Posted: Wed Oct 30, 2024 8:33 pm
by Demmers
Thought i'd "re-open" this thread, as I had this WU fail on me today. Unfortunately I haven't been able to copy the logs, but I do know that at around 90% I noticed it had stopped (was monitoring on my phone), and upon checking the logs, "bad unit" was mentioned. Interestingly, before this happened, the last thing I noticed today when I left the PC was that FAHClient.exe was using a mammoth amount of memory, about 6GB, but fortunately I run with 16. I've never seen that before, but I didn't want to change anything in case I myself failed the WU. But for what ever reason, it eventually crashed itself.

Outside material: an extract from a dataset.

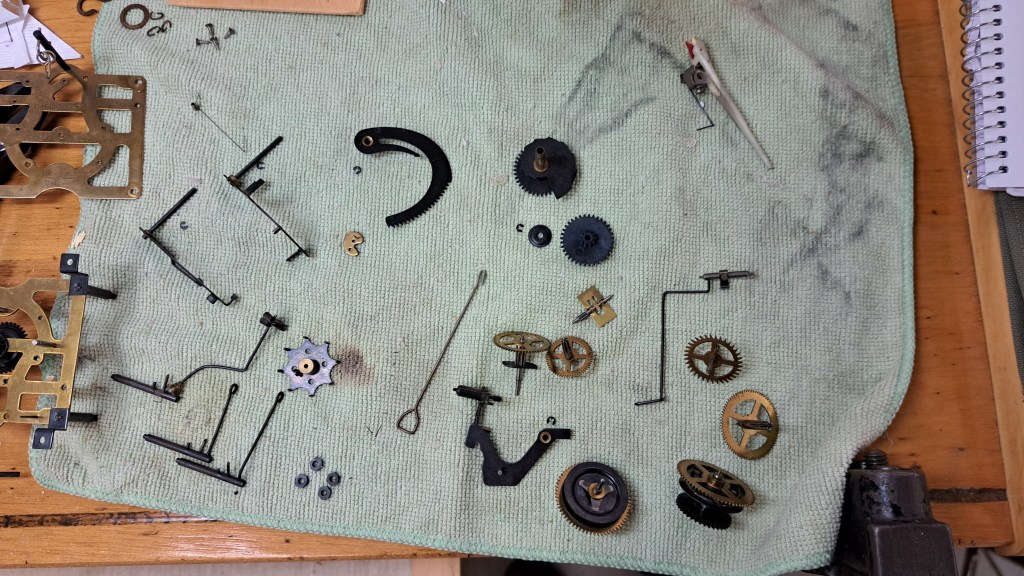 I then acquainted myself with the mechanism and disassembled it. Next I gave most of the parts a wash in an ultrasonic cleaner, followed by water and a toothbrush, then drying with air and a hotbox.

Re: Problem with WU 18806 (19, 5, 167)

Posted: Wed Oct 30, 2024 9:04 pm
by muziqaz
High RAM usage has been observed before. This is Windows only, though.
Funny enough, system which was showing high RAM usage before now is showing 1.2MB used for Fahclient.exe

Re: Problem with WU 18806 (19, 5, 167)

Posted: Wed Oct 30, 2024 9:08 pm
by muziqaz
Demmers wrote: Wed Oct 30, 2024 8:33 pm Thought i'd "re-open" this thread, as I had this WU fail on me today. Unfortunately I haven't been able to copy the logs, but I do know that at around 90% I noticed it had stopped (was monitoring on my phone), and upon checking the logs, "bad unit" was mentioned. Interestingly, before this happened, the last thing I noticed today when I left the PC was that FAHClient.exe was using a mammoth amount of memory, about 6GB, but fortunately I run with 16. I've never seen that before, but I didn't want to change anything in case I myself failed the WU. But for what ever reason, it eventually crashed itself.
If you could report your full system details in this issue tracker, that would be great:
https://github.com/FoldingAtHome/fah-cl ... issues/291

Alternatively, you can list your system details here, in this thread (please include OS + build, CPU, GPU, motherboard and RAM used)

Thanks

Re: Problem with WU 18806 (19, 5, 167)

Posted: Thu Oct 31, 2024 12:50 am
by Demmers
muziqaz wrote: Wed Oct 30, 2024 9:08 pm If you could report your full system details in this issue tracker, that would be great:
https://github.com/FoldingAtHome/fah-cl ... issues/291

Alternatively, you can list your system details here, in this thread (please include OS + build, CPU, GPU, motherboard and RAM used)

Thanks
Thanks, i've submitted details in github.